Melbourne hosted the Global Atheist Convention this past weekend, where for three days a coterie of the faithless urged each other on in their collective scepticism. The most famous proponents of a godless universe were in attendance – Richard Dawkins, Sam Harris and Daniel Dennett – but this time, sadly, the most engaging and entertaining of them, Christopher Hitchens, wasn't.
The convention sought to ''Celebrate Reason'', which seems, well, reasonable enough. We all need something substantial on which to make our judgments, and according to those who attended, it's the clear thinkers, those unencumbered by superstition and religious nonsense, who are most likely to arrive at the truth.
But while it's easy to mock those with religious beliefs, the atheist appeal to a thoroughly rational, objective position is not without its problems.

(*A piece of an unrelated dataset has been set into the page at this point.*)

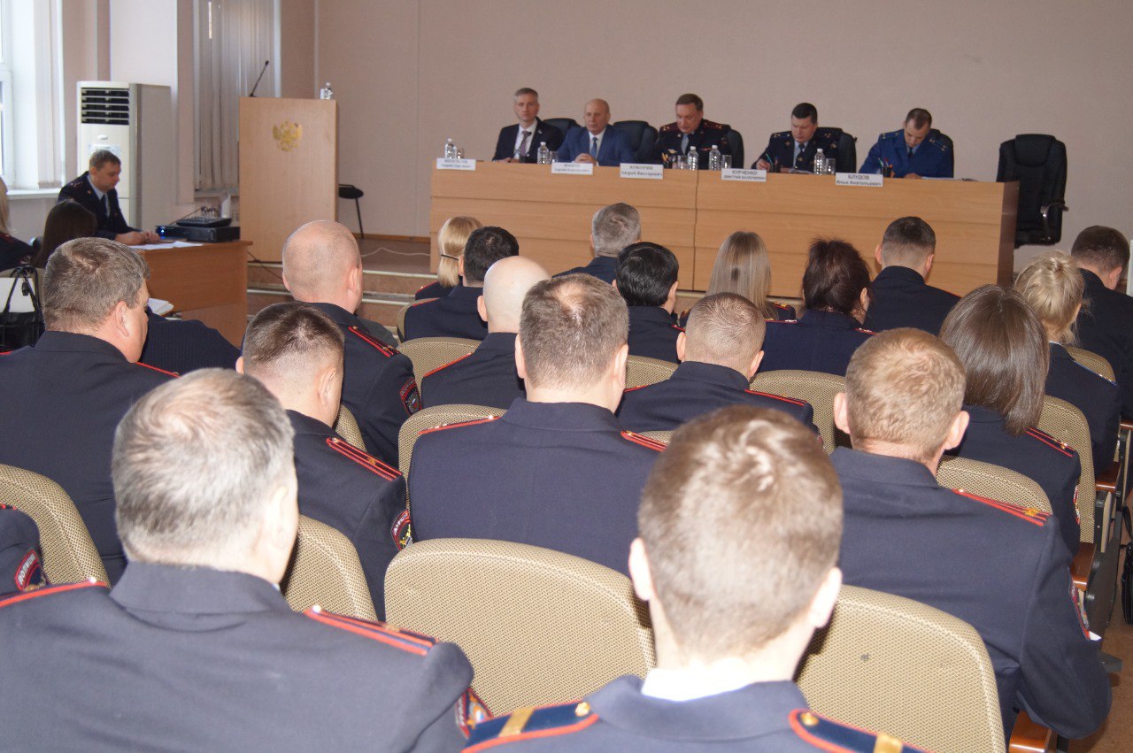 Оперативное совещание прошло под председательством заместителя начальника УМВД России по Хабаровскому краю - начальника следственного управления полковника юстиции Дмитрия Курченко.

Daniel Kahneman, arguably the most influential psychologist alive today, is a Nobel prize winner in economics. He's also the author of Thinking, Fast and Slow, where he draws upon a lifetime of studying human behaviour that has shown him just how unreliable the human mind really is.
Along with his late colleague Amos Tversky, Kahneman's at times bizarre experiments have helped provide a framework to understand why, for instance, applicants to medical school are less likely to be admitted if interviewed on a rainy day. And why judges, when asked to roll a pair of dice rigged to come up three or nine before the mock-sentencing of a shoplifter, decided to give the ''offender'' an average of eight months if they rolled nine and five months if they rolled three.
But here's the thing. While Kahneman and Tversky reveal what appear to be permanent fallibilities in human reason, their rule of thumb was that they would study no specific example of human ''idiocy or irrationality'' unless they first detected it in themselves. In other words, even experts suffer the same quirks of human unreason as anyone else.
This could, I suppose, be fuel for the religious sceptic's fire – suggesting that those who put their faith in things unseen are clearly deluding themselves. But it cuts both ways. The same thing applies to non-believers whose hopes and aspirations might cloud their judgment on the question of God's existence.
And there remain formidable challenges for the enthusiasts of non-belief. Renowned American philosopher Alvin Plantinga's most famous, novel and ironic argument is that naturalism cannot rationally be believed.
The argument is a bit complex but it goes something like this: if you're a naturalist (there's no God or gods), you'll also be a materialist (the only thing that exists, including consciousness, is physical matter). You'll think human beings are material objects, and that there isn't any immaterial soul, or self, or person.
If you think this way, you will also necessarily think that any belief (''all religion is irrational'', for instance) is something like a structure of neurons in the nervous system, or in the brain, which will have two kinds of properties: the belief will have neuro-physiological properties, but it will also have content properties, meaning there's a purely physical cause for something you believe.
Now, evolution couldn't give a toss about what you believe. It cares about rewarding adaptive behaviour and punishing maladaptive behaviour. So evolution will gradually modify those neuro-physiological properties in the direction of greater adaptiveness, but it doesn't follow that it modifies belief in the direction of truth. Evolution doesn't care about true belief.
So, if you accept the combination of naturalism and materialism, says Plantinga, you'll have to accept that any particular belief you might hold could as likely be false as true. The probability that your beliefs are reliable will be low.
If, however, you believe in God and don't accept naturalism and materialism, then that particular problem doesn't apply. You will assume there is a being who is separate from creation but speaks truth into the fibre of the universe. Sure, you'll have other challenges to your faith, but you'll have a reason to trust your faculties in a way that the naturalist does not. Believing in human rationality is quite rational within a theistic world view, but not so in an atheistic framework.
Plantinga is quick to point out that none of this is intended to prove belief. There remain serious questions for those who believe in an all-powerful, good God who creates and sustains the universe, and believers need to face these.
But Plantinga's thesis might prompt those in the ''all religion is delusional'' camp to approach vital questions of human existence with measured consideration of the alternatives – something beyond naked contempt. That, surely, is a reasonable request.
Simon Smart is a director of the Centre for Public Christianity.